In this study, we investigated the behavior the CP correction by Boys and Bernardi in many‐body complexes of organic compounds included in two datasets, 3B‐69 and MBC‐36. As expected, the non‐CP HF interaction energies were found to overestimate interaction energy, with errors increasing with increasing number of molecules in a cluster. In both datasets the non‐CP interaction energy did not exhibit a smooth exponential behavior with increasing basis set, prohibiting the application of an exponential fitting that was demonstrated to work for single molecules and dimers. This observation was attributed to the presence of non‐additive forces in many‐body clusters. In the MBC‐36 dataset, clusters were found to exhibit varying types of intermolecular forces from hydrogen bonding to π–π stacking, thus leading to distinct trends in non‐CP HF interaction energies. The latter demonstrated a smooth behavior with increasing basis set, whereas the presence of hydrogen bonding resulted in a varied behavior. In some cases a decrease in non‐CP energy was observed going from smaller‐ to medium‐sized clusters. The application of the CP correction by Boys and Bernardi significantly improves the quality of HF interaction energy with respect to the benchmark results. RMSD values were found to be well within 1 kJ mol⁻¹ across all basis est and cluster sizes. Therefore, even a small basis set such as cc‐pVDZ can already provide excellent accuracy as long as the HF interaction energies are corrected for BSSE using the CP scheme.
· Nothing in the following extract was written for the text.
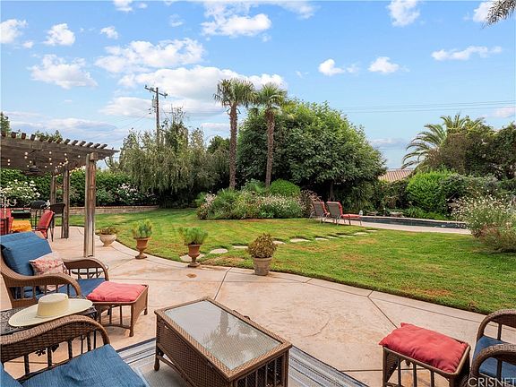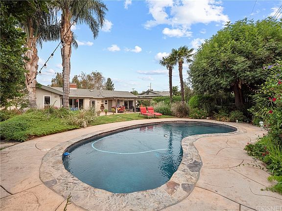 STUNNING Texas Tract single story 4 bedroom POOL home nestled on a FLAT 1/3 of an acre Lot! COMPLETELY RE-BUILT in 2015 from the studs out, this home features top-notch materials & finishes throughout! Located just a quick walk to Simi Hills Golf course, this sprawling ranch-style property has a master bedroom with direct sliding glass door to the very private & expansive entertainers dream of a backyard! The fully renovated Chef's kitchen is gorgeous with Quartz counters and full back splash, custom cabinetry, Stainless Steel appliances & unique fireplace perfect for holiday entertaining! Adjacent to the kitchen is the spacious family room with vaulted ceilings and the home's secondary wood-burning fireplace. All rooms offer views to the beautifully landscaped yard. There are two additional bedrooms that overlook the front garden. A generously sized 4th bedroom is located on the opposite end of the home that could also be ideal as a home gym or office. The front living room features the homes third fireplace and leads to the dining room which opens to views of the back garden & large sparkling pool! The backyard has open grassy areas & cozy discreet nooks to enjoy your morning coffee surrounded by rose gardens, Queen Anne palms & beautiful variety of flowers & mature foliage! There are many fig, orange & lemon trees as well as producing grape vines and an organic vegetable garden! This property is absolutely remarkable and very much one of a kind!!!

Additionally, we studied the local nature of BSSE demonstrating that a cut‐off radius of 10 Å was already sufficient to fully account for BSSE. This strategy was successfully applied in the 2 × 2 × 2 supercells of two polymorphs of benzene—forms I and II, producing errors below 0.2 kJ mol⁻¹. This strategy will allow us to significantly reduce the cost of HF calculations for large‐scale chemical systems.

Supporting information

Appendix S1: Supporting information.

Nguyen A. L. P., Izgorodina E. I., J. Comput. Chem. 2022, 43(8), 568. 10.1002/jcc.26814

DATA AVAILABILITY STATEMENT

The data that supports the findings of this study are available in the Supporting Information of this article.